Para que a Iniciação ocorra, será necessário que o adepto permita que os símbolos e ritos sagrados, proporcionados pela doutrina da Tradição Unânime, penetrem em seu interior e operem essa transformação integral, que terá que se produzir quando estes instrumentos despertadores da consciência ordenem a inteligência e toquem as fibras mais sutis e imperceptíveis que se conectam com as verdades eternas. Ela comporta um desenrolar de potencialidades ocultas e misteriosas, que jazem em nossa própria interioridade, e um desenvolvimento das possibilidades verdadeiramente espirituais, que no estado ordinário se encontram adormecidas. O estudo dos códigos simbólicos tradicionais –como aqueles que são proporcionados por nosso Programa–, bem como a meditação e a concentração –e a prática dos rituais iniciáticos–, serão veículos adequados para que esta transmutação e despertar da consciência sejam produzidos e se substituam progressivamente os apegos e as falsas identificações por aquilo que se denomina a Suprema Identidade.
Este processo, simbolizado claramente pela transmutação dos metais que propõe a Alquimia, bem como pelas diversas etapas contempladas no simbolismo construtivo, supõe duas fases: a primeira delas é chamada iniciação virtual e vai desde o começo da Obra até a consecução do estado de “homem verdadeiro”, passando por diversos graus que suporão a superação de provas que terão de determinar se o candidato está qualificado; a segunda –chamada Iniciação real ou efetiva– supõe o conhecimento e a experimentação de estados supra-humanos e atingir o estado de “homem transcendente”.
O candidato à Iniciação é como uma semente que, contendo todas as possibilidades de desenvolvimento e procriação, não as poderá plasmar enquanto não penetrar o interior da terra –a caverna iniciática–, descendo aos infernos e morrer, para nascer de novo. É por isso que o recém iniciado é chamado “neófito”, ou planta nova (neo = nova; fito = planta), pois já venceu a primeira morte e está pronto para empreender seu desenvolvimento vertical e ascendente.
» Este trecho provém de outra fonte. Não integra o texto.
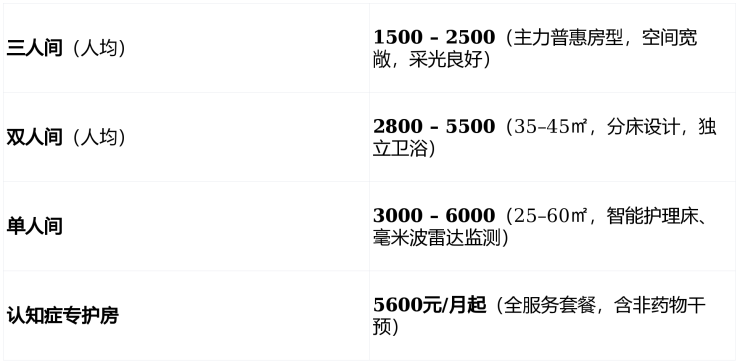 💰 收费标准:床位费1500元/月起,整体月费5600元/月起(按护理等级、房型浮动)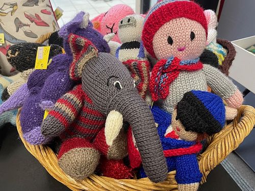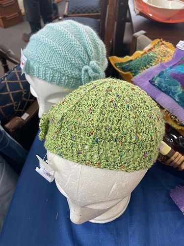 Knitted items include headbands, scarves, shawls, bed socks, hand and foot warmers, muffs, baby clothes, knee rugs and jerseys. There are also beautiful merino beanies made from wool off-cuts donated by Glowing Sky - the shop has sold over 3000 of these warm merino beanies - and a range of colourful kids toys called 'Oddballs'.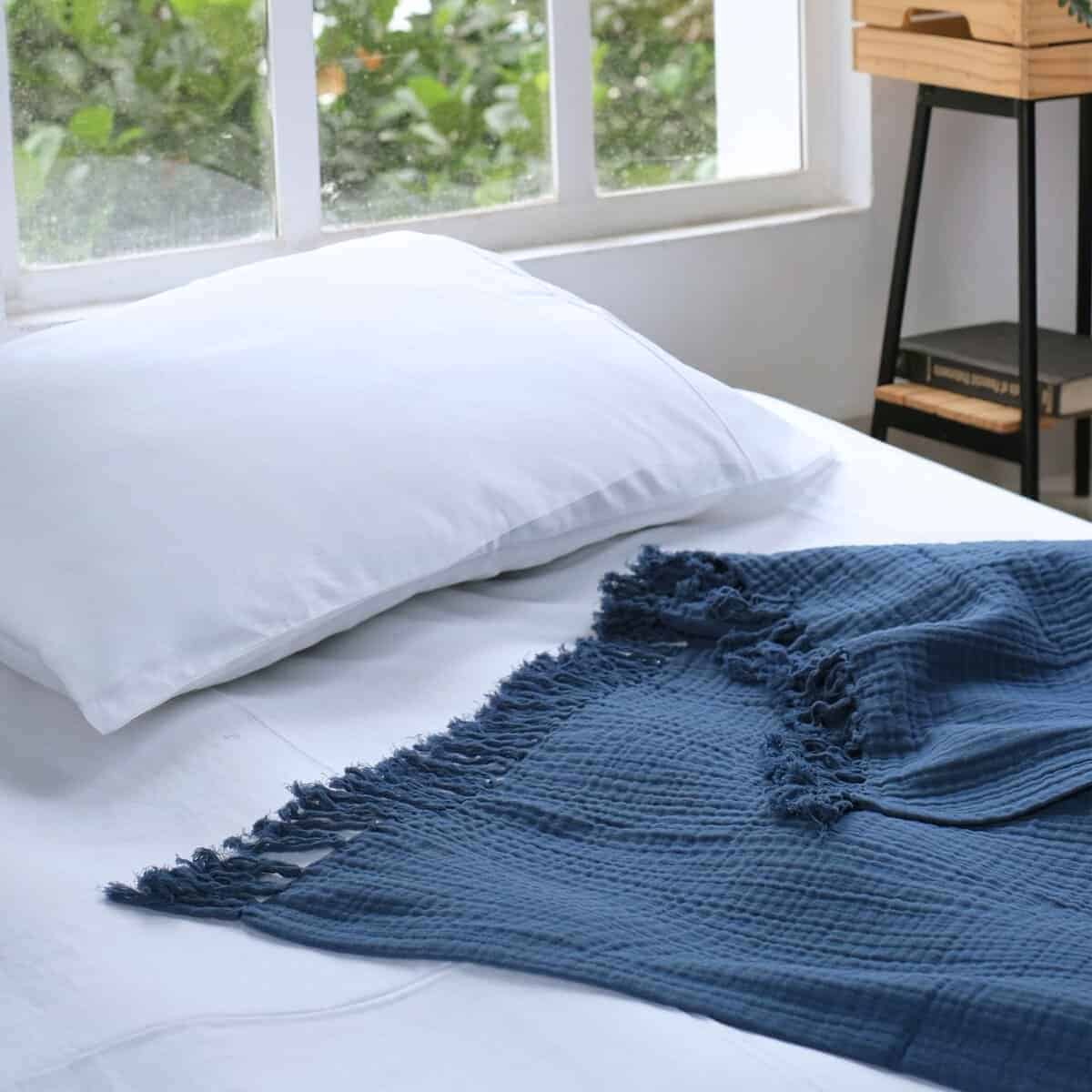 3. Confort Personalizable: Personaliza tu experiencia de ropa de cama con nuestra versátil manta para cama, disponible en cinco colores relajantes blanco, azul, pergamino, espuma marina y gris para complementar cualquier decoración de dormitorio. Elige entre cuatro tamaños para garantizar el ajuste perfecto para tu cama, ya sea que estés buscando mantas de cama para una noche de sueño acogedora o específicamente buscando una manta de estilo boho que también ofrezca un confort y estilo óptimos.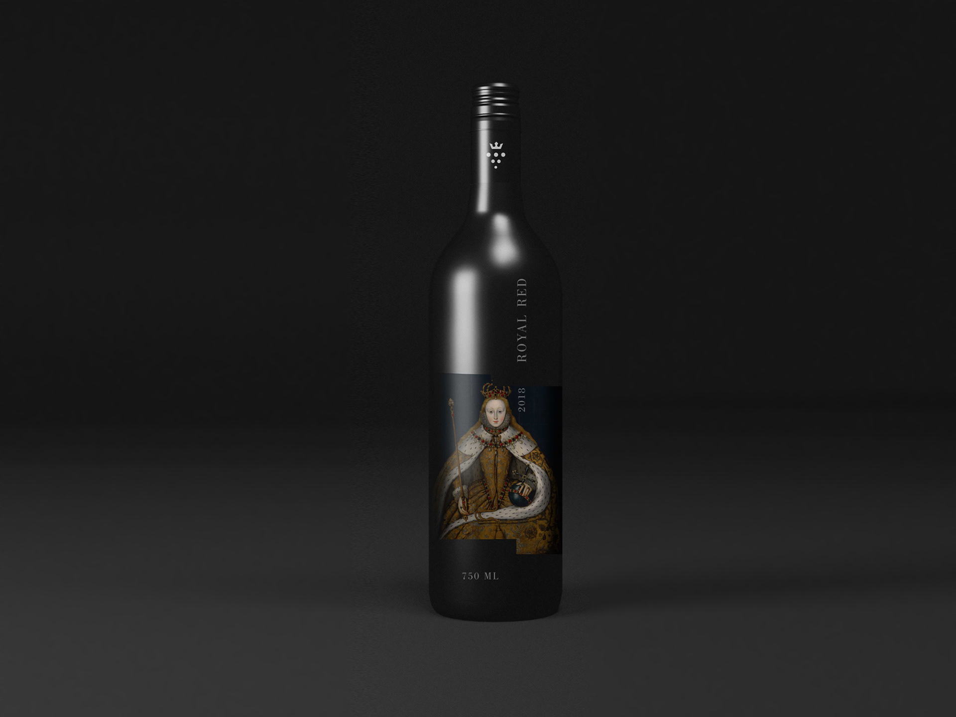 Logo, wine label and bottle packaging design for Crown Vineyard. The vine leaf attached to the grapes is replaced with a crown to mimic the leaf pattern in the logo. The design of the packaging is reflective of the wine which is dark and bold.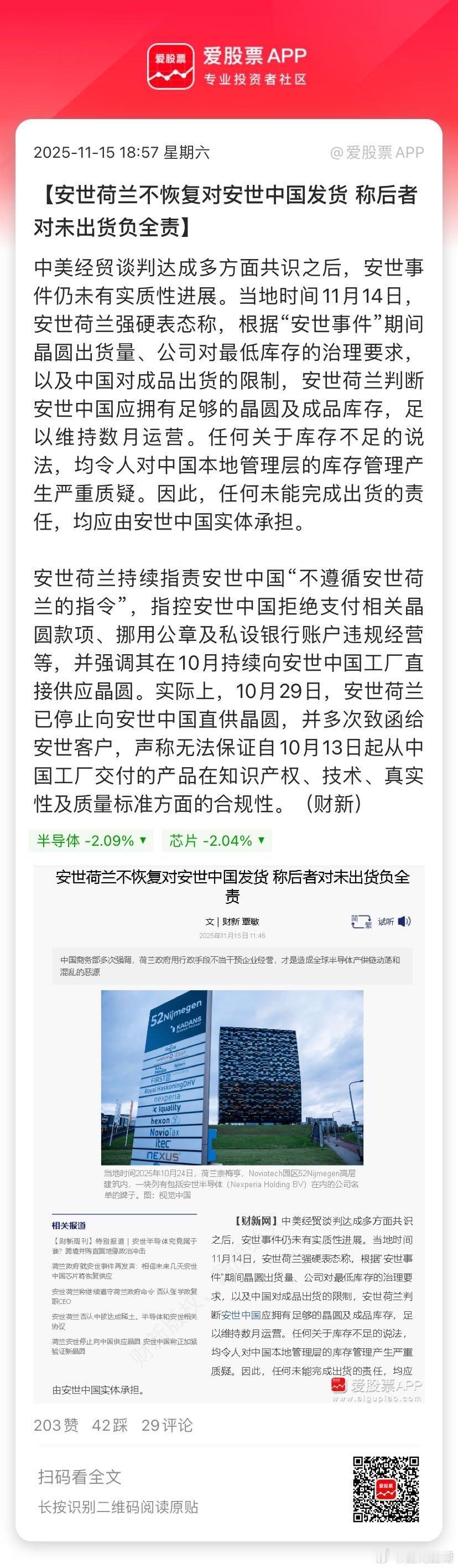 【安世荷兰不恢复对安世中国发货 称后者对未出货负全责】中美经贸谈判达成多方面共识之后,安世事件仍未有实质性进展。当地时间11月14日,安世荷兰强硬表态称,根据“安世事件”期间晶圆出货量、公司对最低库存的治理要求,以及中国对成品出货的限制,安世荷兰判断安世中国应拥有足够的晶圆及成品库存,足以维持数月运营。任何关于库存不足的说法,均令人对中国本地管理层的库... 打劫惯了 又想继续打劫?

Esta morte comporta uma completa dissolução dos estados anteriores, que deverá ser repetida cíclica e gradualmente –em diversos níveis cada vez mais sutis e elevados– durante o curso do processo iniciático, até que renasça o homem novo, o homem verdadeiro, totalmente regenerado, que terá desenvolvido o leque de suas possibilidades humanas e estará pronto para transcender aos estados supra-individuais e recobrar seu verdadeiro Ser. Terá assim retornado ao estado virginal das origens, à pátria celeste.
Não queremos terminar sem dizer algo muito importante para se ter em conta no processo iniciático ou de conhecimento: o de não confundir o plano psicológico com o espiritual, erro que é muito freqüente hoje em dia. Isto acontece porque o espiritual foi negado ao se fazer uma diferença cortante entre alma e corpo, outorgando-se-lhe então a tudo o que não é material, ou corporal, uma categoria espiritual, ou pseudo-espiritual.